**Dataset content**
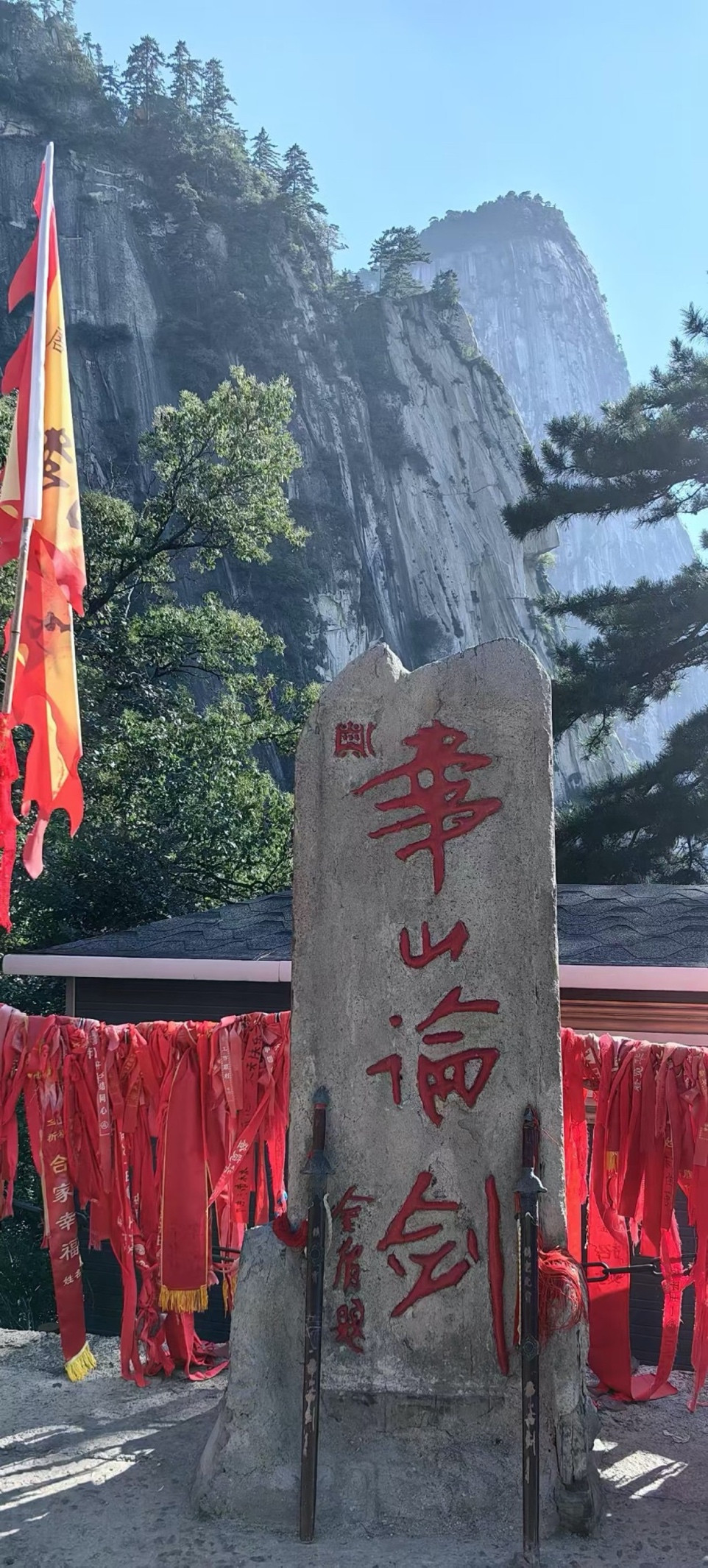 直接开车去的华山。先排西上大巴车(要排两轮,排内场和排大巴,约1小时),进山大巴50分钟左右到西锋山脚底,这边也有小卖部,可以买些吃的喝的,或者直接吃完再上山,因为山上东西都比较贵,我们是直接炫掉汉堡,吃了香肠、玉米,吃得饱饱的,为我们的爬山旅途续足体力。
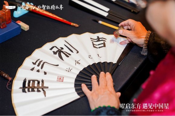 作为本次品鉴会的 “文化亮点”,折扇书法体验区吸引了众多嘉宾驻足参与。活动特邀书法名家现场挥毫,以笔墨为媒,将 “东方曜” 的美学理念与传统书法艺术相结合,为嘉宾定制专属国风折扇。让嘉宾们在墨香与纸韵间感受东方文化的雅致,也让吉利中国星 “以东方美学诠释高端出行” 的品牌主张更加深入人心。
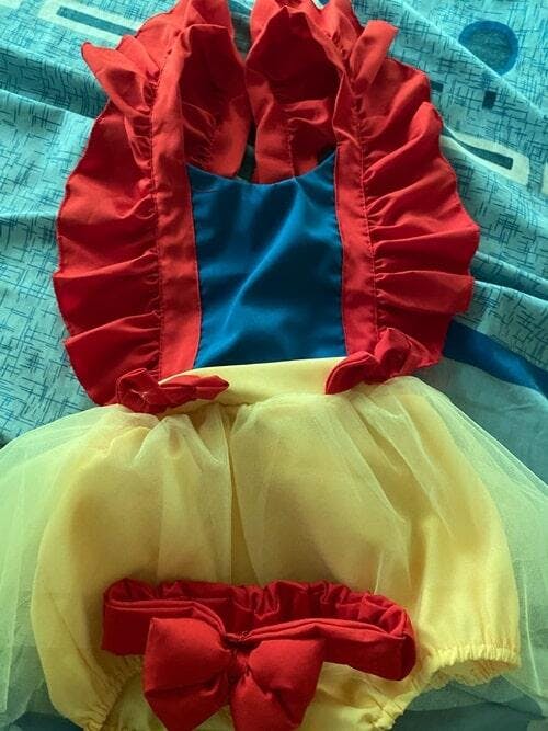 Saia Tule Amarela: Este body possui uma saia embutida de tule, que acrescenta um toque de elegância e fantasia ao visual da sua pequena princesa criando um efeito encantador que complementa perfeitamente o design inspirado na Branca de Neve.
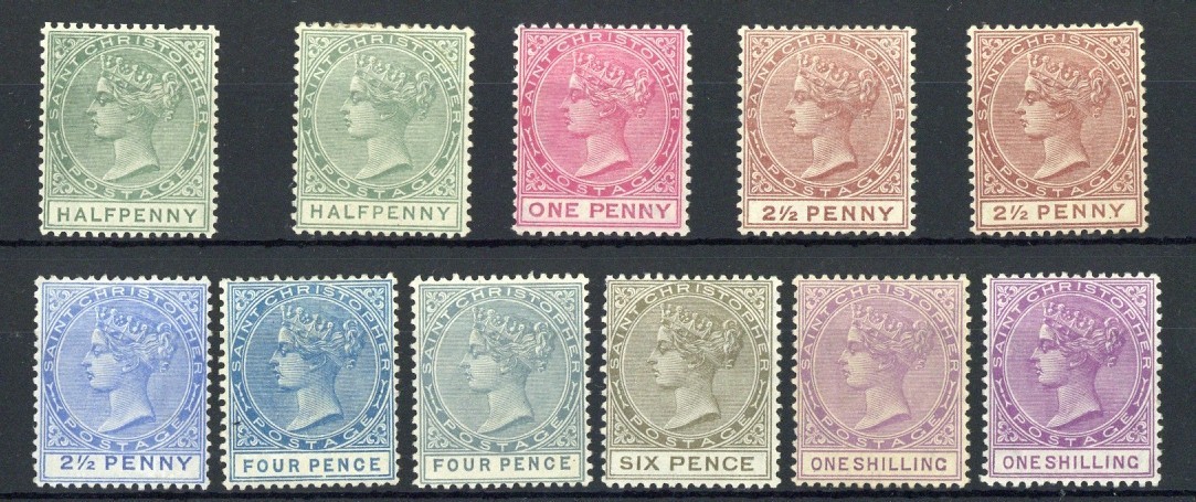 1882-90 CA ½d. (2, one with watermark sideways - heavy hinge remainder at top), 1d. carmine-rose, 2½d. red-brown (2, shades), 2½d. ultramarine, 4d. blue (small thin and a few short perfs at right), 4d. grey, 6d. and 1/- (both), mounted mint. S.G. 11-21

**Your assignment**
For this exercise, transcribe exactly only the lines from the one containing "Saia Tule Amarela: Este" through the end of the listing, inclusive, without the pictures.

**Output of the task**
 Saia Tule Amarela: Este body possui uma saia embutida de tule, que acrescenta um toque de elegância e fantasia ao visual da sua pequena princesa criando um efeito encantador que complementa perfeitamente o design inspirado na Branca de Neve.
 1882-90 CA ½d. (2, one with watermark sideways - heavy hinge remainder at top), 1d. carmine-rose, 2½d. red-brown (2, shades), 2½d. ultramarine, 4d. blue (small thin and a few short perfs at right), 4d. grey, 6d. and 1/- (both), mounted mint. S.G. 11-21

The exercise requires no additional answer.